Problem: Different latency or wait requirements. Real-time interrupt subroutines have different latency or wait-for-execution requirements than maintenance background routines. There is a natural tendency for the designer to make shorter strings for all program information to more simply handle the requirements of P1635 / 98MX execution faster interruption subroutines in real time. But reducing the lengths of the string for all program information can unnecessarily increase the storage capacity of the storage device to accommodate the increased amount of authentication information. Therefore, it would be desirable to communicate blocks of program information and associated authentication information in block chains, where different lengths of strings can be used to communicate different types of program information with different latency or wait requirements. Routines placed at lower address locations may have lower latency, while those at a higher address location on a storage device may have higher latency requirements.

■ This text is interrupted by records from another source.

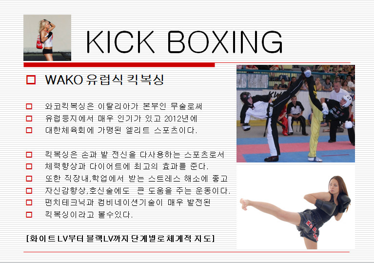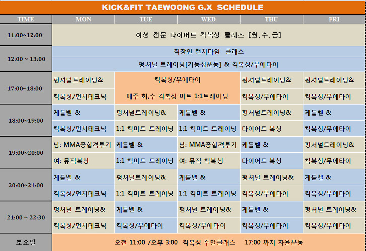 오전 주부다이어트 킥복싱 클래스: 매주 월,수,금 오전11시 기존회비에서 30프로 DC 매주 토요일 주말 심화 클래스 오전11시 타임 오후 3시타임 약90분간 진행됨
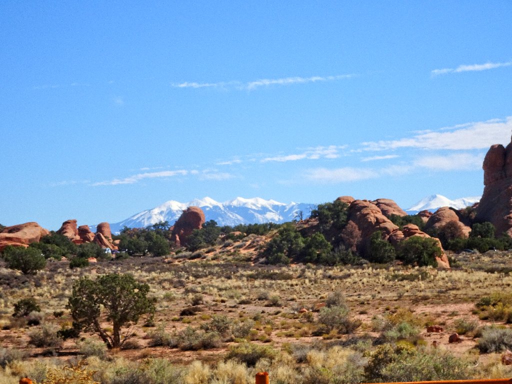 The La Sal Mountains provide a magnificent backdrop
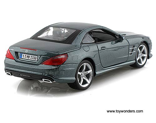 21067 BBurago - Mercedes-Benz SL 500 Hard Top. 1:24 scale diecast collectible model car. This Mercedes Benz SL500 is a 7.25"L x 3"W x 2"H die cast metal car with openable hood & doors. Italian design. This Mercedes-Benz SL-500 is manufactured by BBurago. 18-21067 is in GREY color. Sits on a display plaque. Individually packed in a window box WB. Box size: 9.5"L x 5"W x 4"H.
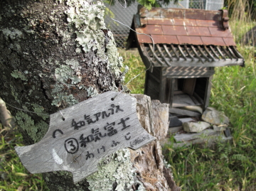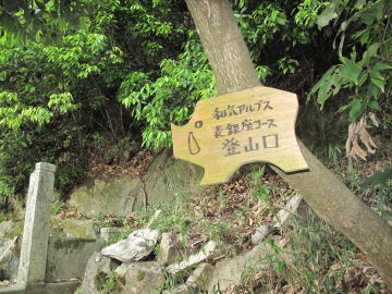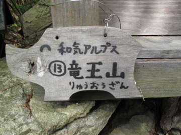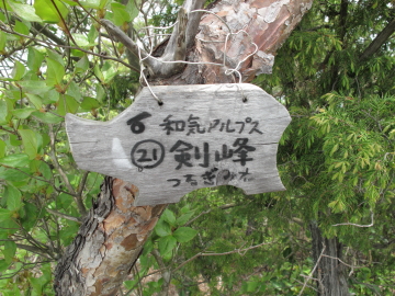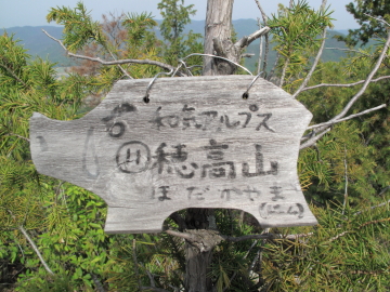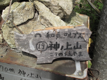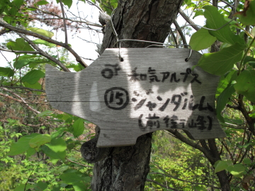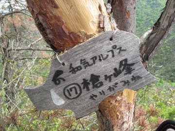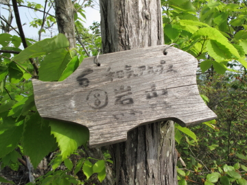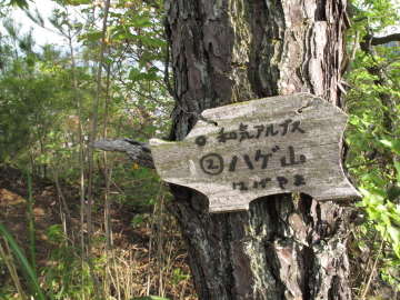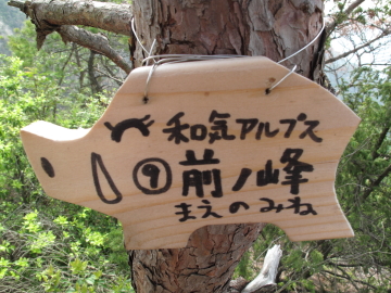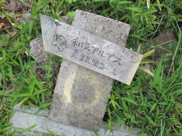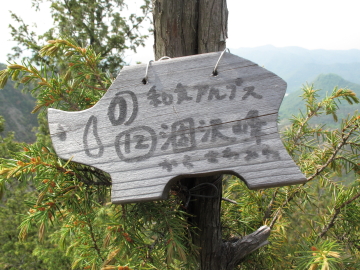 | 日本アルプスを彷彿とさせる山名のプレートを見つけるたびにちょっとうれしくなる。 鵜飼谷北稜ルートの分岐点となる奥ノ峰でイノシシプレートを随分探すも見つけられず。 |

Problem: General communication / storage latency requirements. While certain routines may have special considerations of latency or wait for execution, the latency may still be too much for certain applications. Consequently, a means must be explored to allow more efficient communication and more efficient storage of 1 program information.

P1635 / 98MX It would be desirable to design certain features in the architecture of the communication medium, and the secure circuit in order to help reduce the latency of program information to help speed up execution.

Problem: Authentication / erification latency requirements. While certain routines may have special considerations of latency or wait for execution, the latency due to authentication / verification may still be too much for certain applications. Consequently, a means must be explored to allow more efficient authentication / verification. Therefore, it would be desirable to design certain features in the authentication / verification function to help reduce the latency of program information execution.

Problem: Latency requirements of encryption / decryption. While certain routines may have special considerations of latency or wait for execution, latency due to P16-.5 / 98MX encryption / decryption may still be too much for certain applications. Consequently, a means must be explored to allow more efficient encryption / decryption. Therefore, it would be desirable to design certain features in the encryption / decryption function to help reduce the latency of program information execution. The present invention provides a system having the above and other advantages.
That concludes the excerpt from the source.